Name: Titus S. van Erp
Date of Birth: 22-09-1974
Married to: Caroline
Children: Sebastien (2005), Cedric (2007), and Sophie (2011)
Education:
1999: Master in Theoretical Physics (Nijmegen, The Netherlands)
2003: PhD in Natural Sciences (Amsterdam, The Netherlands)
Work Experience:
2003-2006: Postdoc/Marie-Curie Fellow at the ENS-Lyon and CECAM-institute,
Lyon, France.
2006-2012: Centre-of-Excellence Senior Researcher at the Department of Surface
Science and Catalysis, KU Leuven, Leuven, Belgium.
2012-2016: Associate Professor at the Department of Chemistry, NTNU,
Trondheim, Norway.
Since 2016: Full Professor
ResearcherID:
www.researcherid.com/rid/G-2045-2012
Research Statement:
The understanding of chemical, physical, and biological processes at the
molecular and atomistic scale has changed our daily life. Medicines,
computers, mobile phones, tablets, plastic, solar-cells, space crafts, and
many more things would not have been developed without this knowledge. These
are impressive achievements, but our knowledge on how exactly molecules
interact is still very much limited. Our time faces big challenges regarding
energy resources and environment. Solutions to these problems require
revolutionary breakthroughs which are likely to be found at the molecular
scale. Computer simulations are the ideal tool to obtain information at this
nanoscale that is mostly invisible for experiments. However, even if we have
the right theory, which is Quantum Mechanics, solving the corresponding
equations for a complex system would take centuries even for the fastest
computer on earth. A large number of smart tricks, algorithms, and subtile
approximations boosted the field of Molecular Modeling tremendously. Although
it is impossible to overestimate the importance of the incredible increase of
computer power to this field, its effect is relatively small in comparison
with the development of inventive new algorithms and methods. Yet, there is no
reason to rest and be satisfied. We are still far from a situation in which we
can just ‘design‘ new materials and medicines by running computer simulations.

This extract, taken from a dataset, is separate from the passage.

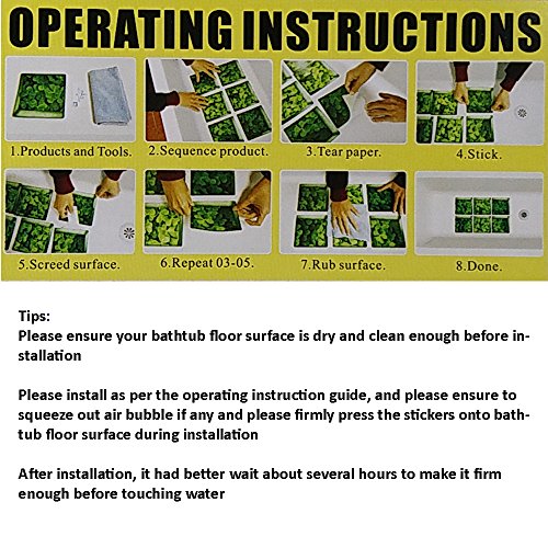 Attention please: (1). Please ensure your bathtub floor surface is dry and clean enough before installation. (2). Please install as per the operating instruction guide, and please ensure to squeeze out air bubble if any and please firmly press the stickers onto bathtub floor surface during installation. (3). After installation, it had better wait about several hours to make it firm enough before touching water.

We can not reach the time-scales and length-scales of important processes that
occur in biological or industrial processes without making crude
approximations or invoking uncertain assumptions. My research aims to bring
forward the molecular understanding of complex processes using state-of-the-
art simulation techniques. In addition to these applications, a large part of
my research is also devoted to the development of new innovative methodologies
that can enhance the accuracy of present methods and expand accessible time-
and system scales of computer simulations.